[SUPPLIED DATA]:
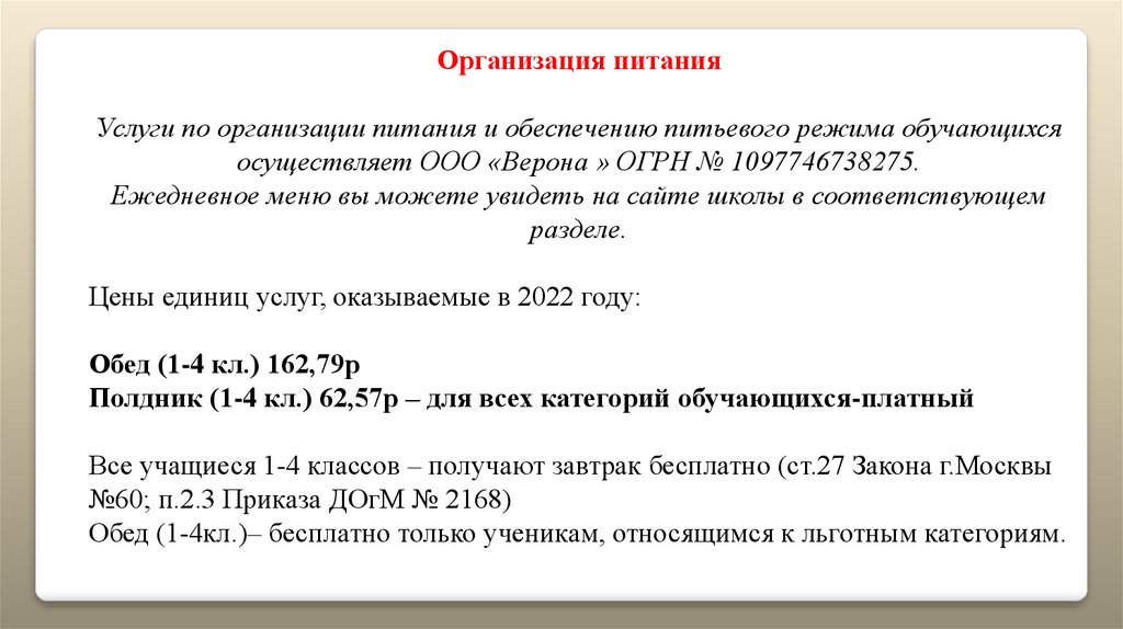 Обед (1-4кл.)– бесплатно только ученикам, относящимся к льготным категориям.
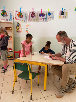Im Laufe der Woche wurden wir von Ayman und seiner Familie kontaktiert, er ist gerade als Tourist vor Ort, aber für die Bewohner von Sal Rei wurde er einiges mehr als ein normaler Tourist. Nachdem er schon einiges an Hilfe auf eigene Faust unternommen hatte, wurde er auf unseren Verein aufmerksam und kontaktierte uns direkt, um noch effektiver zu Helfen und zu schauen, wo was gebraucht wird. Er besuchte direkt nach unserem Telefonat Filo im Kindergarten, besorgte neues Papier und Stifte zum Malen und übernahm die Kindergartenpatenschaft für ein kleines Mädchen, das ab jetzt täglich im Kindergarten betreut und versorgt ist. Wer daran auch Interesse hat, kann sich gerne melden. So eine Patenschaft liegt bei 120 € für 6 Monate, also 240 € pro Jahr. Für die meisten von uns keine große Summe, aber für viele Familien ein großes Problem, was dazu führt, dass kleine Kinder alleine zu Hause sind - was das für Gefahren bedeutet, müssen wir hier wohl nicht weiter ausführen.
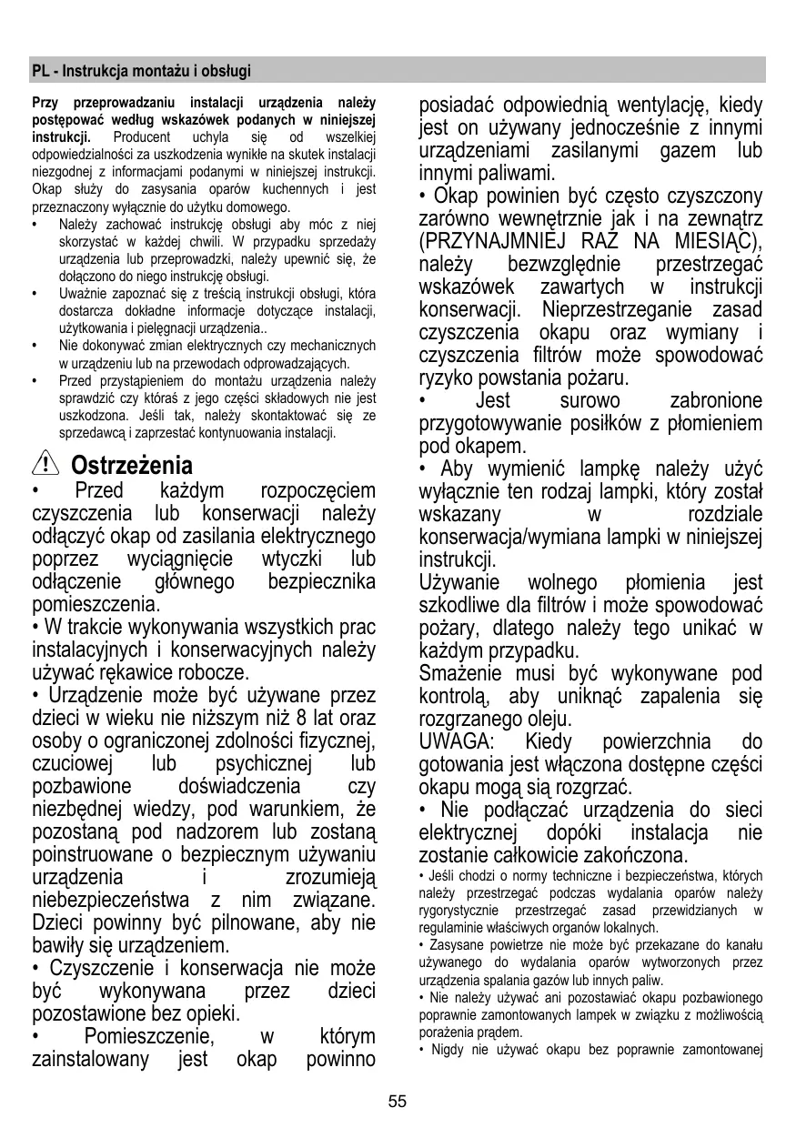 - Okap powinien byc czego czyszczony zarowy wewétrznie jak i na zewnatrz (PRZYNAJMNIÉJ RAZ NA MIESIÁC), naleź bezwzgliednie przyestrzegać wskazówek zawartych w instrukcj konserwacje. Nieprzestrzeganie zasad czyszczenia okapu oraz wymianicy czyszczenia filtrówMZE spowodac ryzykogowstania pożaru.
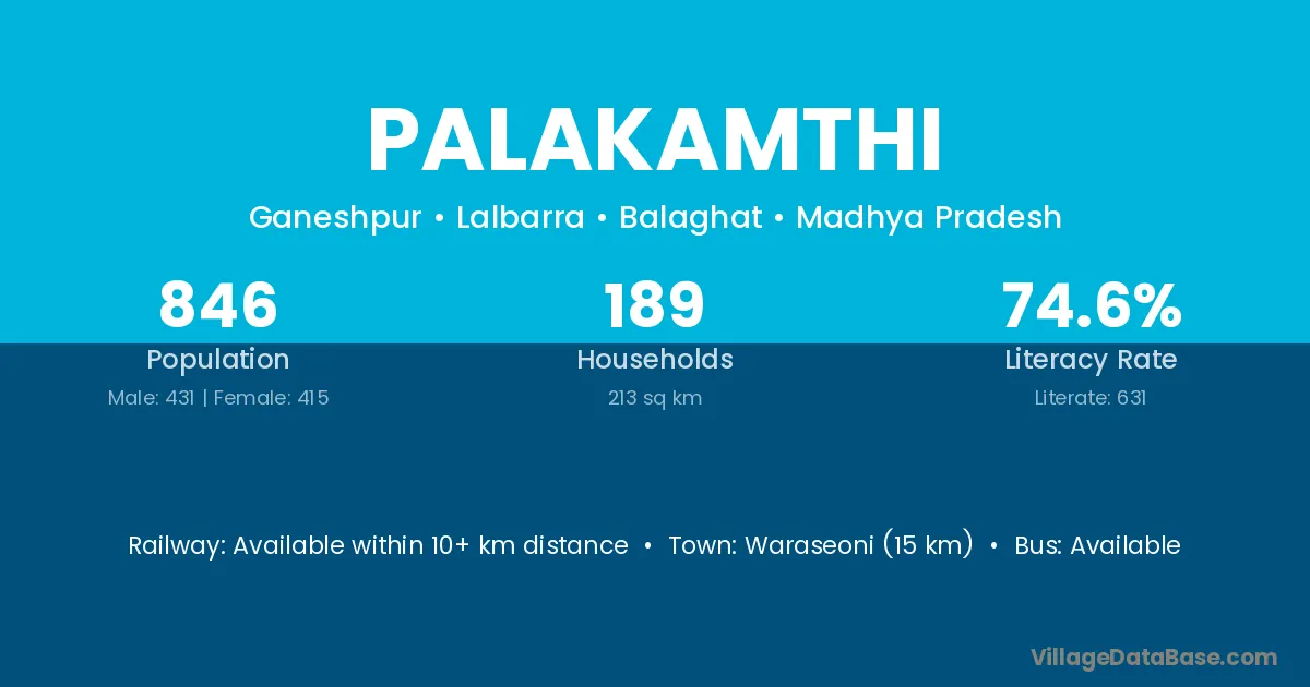 Waraseoni (15 km) is the nearest town to Palakamthi village for major economic activities and is located approximately 15 km away.

[AIM OF THE EXERCISE]: Set down all the data again exactly as above, pictures excluded.

[SOLUTION TO THE EXERCISE]:
 Обед (1-4кл.)– бесплатно только ученикам, относящимся к льготным категориям.
Im Laufe der Woche wurden wir von Ayman und seiner Familie kontaktiert, er ist gerade als Tourist vor Ort, aber für die Bewohner von Sal Rei wurde er einiges mehr als ein normaler Tourist. Nachdem er schon einiges an Hilfe auf eigene Faust unternommen hatte, wurde er auf unseren Verein aufmerksam und kontaktierte uns direkt, um noch effektiver zu Helfen und zu schauen, wo was gebraucht wird. Er besuchte direkt nach unserem Telefonat Filo im Kindergarten, besorgte neues Papier und Stifte zum Malen und übernahm die Kindergartenpatenschaft für ein kleines Mädchen, das ab jetzt täglich im Kindergarten betreut und versorgt ist. Wer daran auch Interesse hat, kann sich gerne melden. So eine Patenschaft liegt bei 120 € für 6 Monate, also 240 € pro Jahr. Für die meisten von uns keine große Summe, aber für viele Familien ein großes Problem, was dazu führt, dass kleine Kinder alleine zu Hause sind - was das für Gefahren bedeutet, müssen wir hier wohl nicht weiter ausführen.
 - Okap powinien byc czego czyszczony zarowy wewétrznie jak i na zewnatrz (PRZYNAJMNIÉJ RAZ NA MIESIÁC), naleź bezwzgliednie przyestrzegać wskazówek zawartych w instrukcj konserwacje. Nieprzestrzeganie zasad czyszczenia okapu oraz wymianicy czyszczenia filtrówMZE spowodac ryzykogowstania pożaru.
 Waraseoni (15 km) is the nearest town to Palakamthi village for major economic activities and is located approximately 15 km away.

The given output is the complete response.